New Zealand Doesn't F*ck Around When It Comes To COVID
New Zealand is in lockdown—again. Residents are required to stay home, and most are only allowed out for groceries or exercise. The government locked down the country after one COVID case. Which sounds extreme unless you’ve been paying attention to the way the Delta variant has ravaged and is ravaging parts of the world, including the U.S.—one rural Texas town even had to fully shut down because 42 percent of its population was positive.
“We have seen what happens elsewhere if we fail to get on top of it,” Prime Minister Jacinda Ardern said. “We only get one chance.”
New Zealand knows all about not squandering their chance to stomp out COVID before it becomes an unstoppable blaze. Early in the pandemic, as governments were scrambling to get a handle on COVID, New Zealand emerged as a beacon of good sense. How many of us looked on at Ardern’s thoughtful, science-based approach to the pandemic and wished we had even an ounce of that rhetoric in our leadership?
This entire pandemic, they have not fucked around, and it has paid off in every way.
New Zealand Locked Down Early
New Zealand locked down swiftly and securely in the first phase of the pandemic. In late March 2020, with only 102 confirmed cases and no deaths, New Zealand told everyone, except essential workers, to stay home.
By and large, New Zealanders listened. Most New Zealanders stayed home. Largely, I believe, because they trusted their leaders, who listened to science, communicated a consistent message, and gained the public trust. As a result, ten days after lockdown started, cases began to level off.

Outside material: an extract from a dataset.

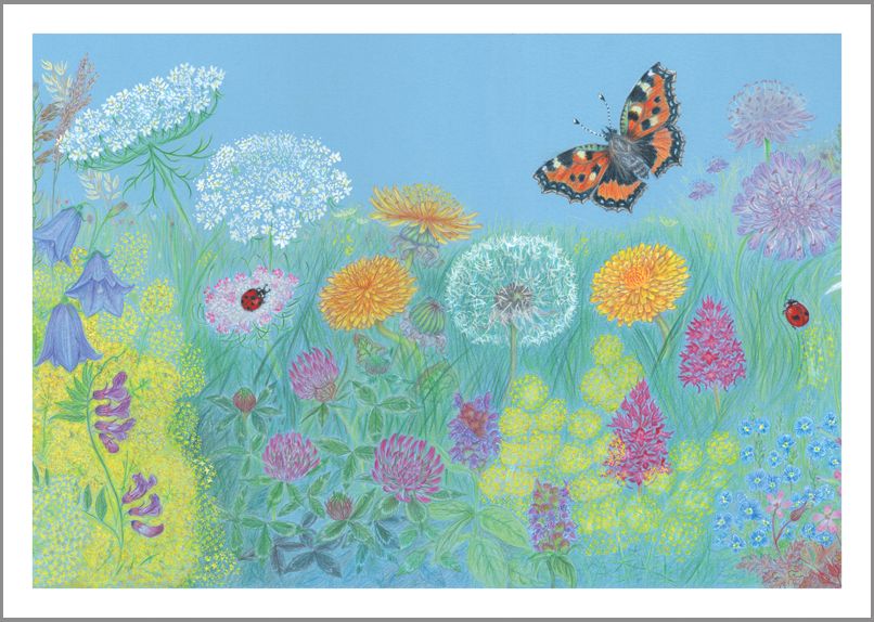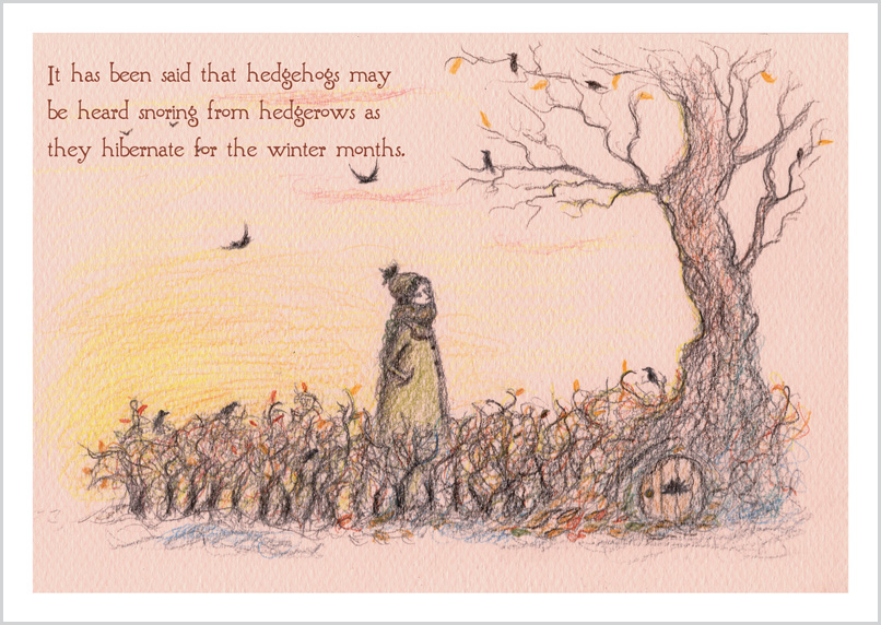 The snores of hedgehogs. This line is taken from The Living Countryside, a 1980s wildlife magazine, issues of which were always scattered around my home growing up.A little drawing I did last year and which features on the 2023 Klee Wallplanner for the days surrounding Christmas.November 2023 Winter hillOctober 2023 A pumpkin carriageSeptember 2023 Meadow. A Tortoiseshell Butterfly flies over a summer meadow with Harebell, bright gold Lady's Bedstraw, Bush Vetch, Queen Anne's Lace, Red Clover, Dandelion, Self-Heal, Pyramidal Orchid, Field Scabious, Germander Speedwell and Herb Robert. I based this meadow on a hill in Tymon Park in Dublin.

By early June, Ardern announced, “we are confident we have eliminated transmission of the virus in New Zealand for now.” By that point, all patients had recovered completely and there’d been no new recorded community transmissions. Aside from a few social distancing measures, New Zealand went back to normal for a while, back to a world not constantly dominated by COVID.
Before this most recent case, the last COVID outbreak in New Zealand was in February 2021. For anyone too pandemic-fatigued to do the math, that’s six blissful months of COVID-free life.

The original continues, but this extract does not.